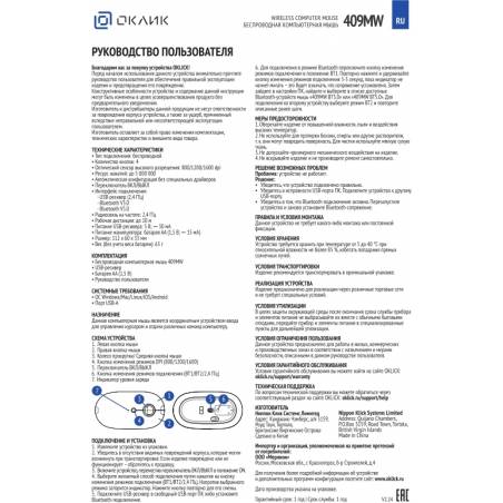 Мышь Оклик 409MW графитовый оптическая 1600dpi silent беспров. BT/Radio USB для ноутбука 4but (2007545)
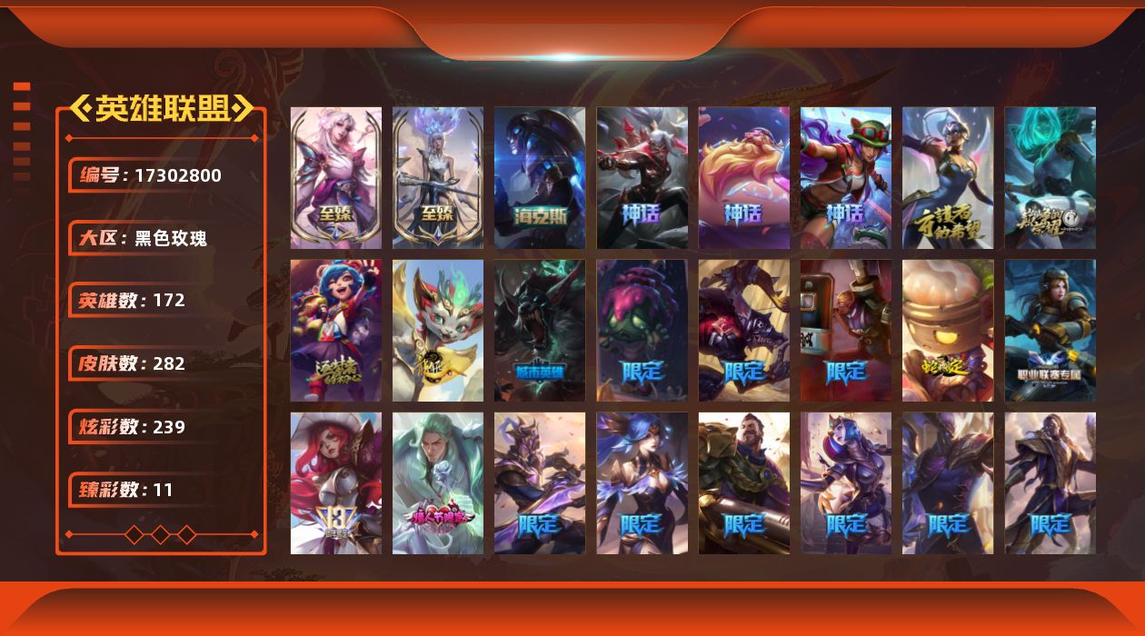 [17302800]172英雄/282皮肤/12神话/40限定/11臻彩/239炫彩/25传说/56史诗/未定级/10周年 安妮/源代码 乐芙兰/十五周年纪念 希维尔/黎明使者 卡尔玛/殿堂传奇 薇恩/超级音乐粉丝 古拉加斯/至臻 海珀利安小队 迦娜/至臻 暗裔英雄 嘉文四世/至臻 灵魂莲华 拉克丝/至臻永恒星灵佐伊/至臻 T1 塞拉斯/海克斯 玛尔扎哈/无畏骑士 瑟庄妮 赤子初心/冠军典狱长 锤石 凯旋圣装/神龙尊者 圣龙李青 龙腾云起/泳池派对 辛德拉 荔枝枝连击/霸天巨兽·雪崩 墨菲特/源计划: 火 菲奥娜 惩戒/星之吞噬者 莫甘娜 热情之末/幻灵战斗兔 锐雯 梦幻强袭/春晖神女 艾希 玉露金风/天龙之子 斯莫德/点心宝贝 阿木木/水晶玫瑰 斯维因/“主人不要我了” 阿木木/圣诞玩偶 波比/圣诞驯鹿 克格莫/魄罗骑士 瑟庄妮/冰雪节 马尔扎哈/北极星守护者 卢锡安/钢铁军团 拉克丝/S1FNC 迦娜/S2 暗杀星 蒙多/S3 SKT T1 婕拉/S4 SSW 图奇/S4 SSW 雷恩加尔/S8 IG 乐芙兰/S12 DRX 艾希/S12 DRX 凯特琳/女帝 厄运小姐/暗裔英雄 盖伦/胜利枪神 格雷福斯/胜利女神 奥莉安娜/胜利之剑 亚托克斯/胜利枪神 卢锡安/胜利机器人 布里茨/胜利女神 瑟庄妮/胜利凤凰 艾尼维亚/胜利之王 泰达米尔/胜利巨口 克格莫/胜利女神 娑娜/胜利剑圣 易/泳池派对 雷克顿/泳池派对 蕾欧娜/泳池派对 塔里克/泳池派对 塔莉垭/暗影 沃里克/都铎王朝 图奇/防暴士兵 辛吉德/海之歌 永恩/惊悚派对 阿木木/地狱之门卫士 加里奥/战地机甲 厄加特/战场女武神 凯尔/霸天零式 赛恩/欧米伽小队 幽灵特工/合金巨兽 努努和威朗普/幻灵战斗队长 厄运小姐/鬼魂新娘 莫甘娜/魔女 伊芙琳/女警狙击 凯特琳/上古战魂 魔腾/神龙尊者 圣龙李青/源计划:净化 薇恩/青花瓷 伊泽瑞尔/源计划:超体 莫德凯撒/腥红之月 鬼武姬 阿卡丽/星之守护者 阿卡丽/钢铁军团 盖伦/星之守护者 拉克丝/偶像歌手 阿狸/宇航员 诺提勒斯/霸天异形 卡兹克/灌篮高手 德莱厄斯/暗星尊 烬/源计划:毁灭 派克/安伯斯与提妮/特战先锋 赵信/女船长 厄运小姐/紫晶射手 艾希/百夫长 贾克斯/黑色荆棘 莫甘娜/卡尔萨斯·祸害之光/贵族血统 萨科/武动巅峰 萨科/特种部队 普朗克/北领前线
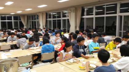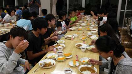 夕食はカレーでした。お代わりの長い列ができました。 夕食後はナイトウォークと星空観察を行いました。
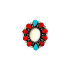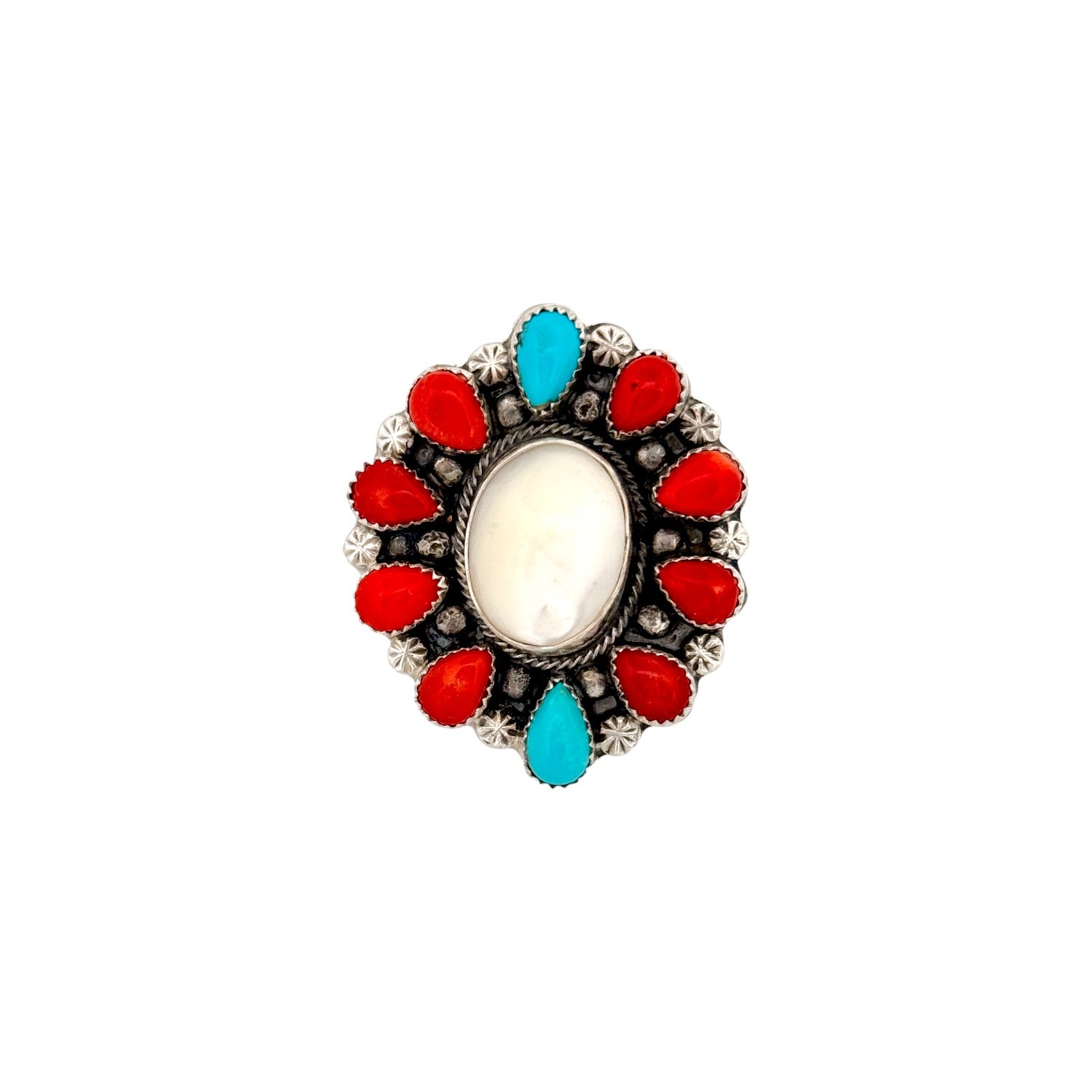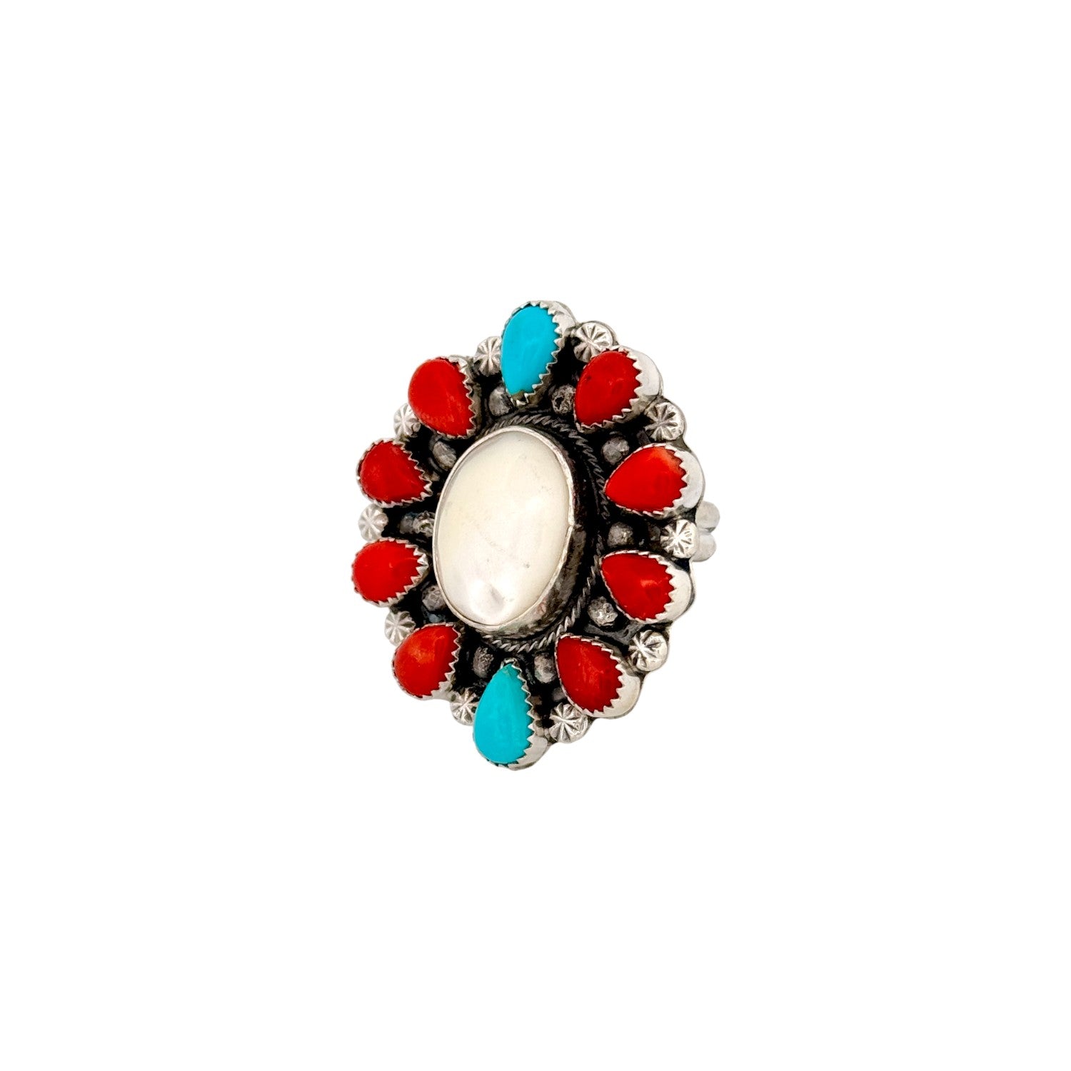 This Navajo handmade ring by Sheila Becenti showcases a beautiful blend of mother of pearl, Kingman turquoise, and vibrant coral set in sterling silver. The luminous mother of pearl center creates a soft, glowing focal point, surrounded by alternating turquoise and coral stones for rich contrast. Intricate silver beadwork and traditional detailing add texture and depth to the classic cluster design. The combination of colors highlights the natural character and beauty of each stone. Elegant yet bold, this ring is a striking example of Sheila Becenti’s skilled Navajo craftsmanship.

====

_WHAT TO WORK ON_
In transcribing the listing, keep each word as it is and drop the pictures.

_REPLY TO THE EXERCISE_
 Мышь Оклик 409MW графитовый оптическая 1600dpi silent беспров. BT/Radio USB для ноутбука 4but (2007545)
 [17302800]172英雄/282皮肤/12神话/40限定/11臻彩/239炫彩/25传说/56史诗/未定级/10周年 安妮/源代码 乐芙兰/十五周年纪念 希维尔/黎明使者 卡尔玛/殿堂传奇 薇恩/超级音乐粉丝 古拉加斯/至臻 海珀利安小队 迦娜/至臻 暗裔英雄 嘉文四世/至臻 灵魂莲华 拉克丝/至臻永恒星灵佐伊/至臻 T1 塞拉斯/海克斯 玛尔扎哈/无畏骑士 瑟庄妮 赤子初心/冠军典狱长 锤石 凯旋圣装/神龙尊者 圣龙李青 龙腾云起/泳池派对 辛德拉 荔枝枝连击/霸天巨兽·雪崩 墨菲特/源计划: 火 菲奥娜 惩戒/星之吞噬者 莫甘娜 热情之末/幻灵战斗兔 锐雯 梦幻强袭/春晖神女 艾希 玉露金风/天龙之子 斯莫德/点心宝贝 阿木木/水晶玫瑰 斯维因/“主人不要我了” 阿木木/圣诞玩偶 波比/圣诞驯鹿 克格莫/魄罗骑士 瑟庄妮/冰雪节 马尔扎哈/北极星守护者 卢锡安/钢铁军团 拉克丝/S1FNC 迦娜/S2 暗杀星 蒙多/S3 SKT T1 婕拉/S4 SSW 图奇/S4 SSW 雷恩加尔/S8 IG 乐芙兰/S12 DRX 艾希/S12 DRX 凯特琳/女帝 厄运小姐/暗裔英雄 盖伦/胜利枪神 格雷福斯/胜利女神 奥莉安娜/胜利之剑 亚托克斯/胜利枪神 卢锡安/胜利机器人 布里茨/胜利女神 瑟庄妮/胜利凤凰 艾尼维亚/胜利之王 泰达米尔/胜利巨口 克格莫/胜利女神 娑娜/胜利剑圣 易/泳池派对 雷克顿/泳池派对 蕾欧娜/泳池派对 塔里克/泳池派对 塔莉垭/暗影 沃里克/都铎王朝 图奇/防暴士兵 辛吉德/海之歌 永恩/惊悚派对 阿木木/地狱之门卫士 加里奥/战地机甲 厄加特/战场女武神 凯尔/霸天零式 赛恩/欧米伽小队 幽灵特工/合金巨兽 努努和威朗普/幻灵战斗队长 厄运小姐/鬼魂新娘 莫甘娜/魔女 伊芙琳/女警狙击 凯特琳/上古战魂 魔腾/神龙尊者 圣龙李青/源计划:净化 薇恩/青花瓷 伊泽瑞尔/源计划:超体 莫德凯撒/腥红之月 鬼武姬 阿卡丽/星之守护者 阿卡丽/钢铁军团 盖伦/星之守护者 拉克丝/偶像歌手 阿狸/宇航员 诺提勒斯/霸天异形 卡兹克/灌篮高手 德莱厄斯/暗星尊 烬/源计划:毁灭 派克/安伯斯与提妮/特战先锋 赵信/女船长 厄运小姐/紫晶射手 艾希/百夫长 贾克斯/黑色荆棘 莫甘娜/卡尔萨斯·祸害之光/贵族血统 萨科/武动巅峰 萨科/特种部队 普朗克/北领前线
 夕食はカレーでした。お代わりの長い列ができました。 夕食後はナイトウォークと星空観察を行いました。
 This Navajo handmade ring by Sheila Becenti showcases a beautiful blend of mother of pearl, Kingman turquoise, and vibrant coral set in sterling silver. The luminous mother of pearl center creates a soft, glowing focal point, surrounded by alternating turquoise and coral stones for rich contrast. Intricate silver beadwork and traditional detailing add texture and depth to the classic cluster design. The combination of colors highlights the natural character and beauty of each stone. Elegant yet bold, this ring is a striking example of Sheila Becenti’s skilled Navajo craftsmanship.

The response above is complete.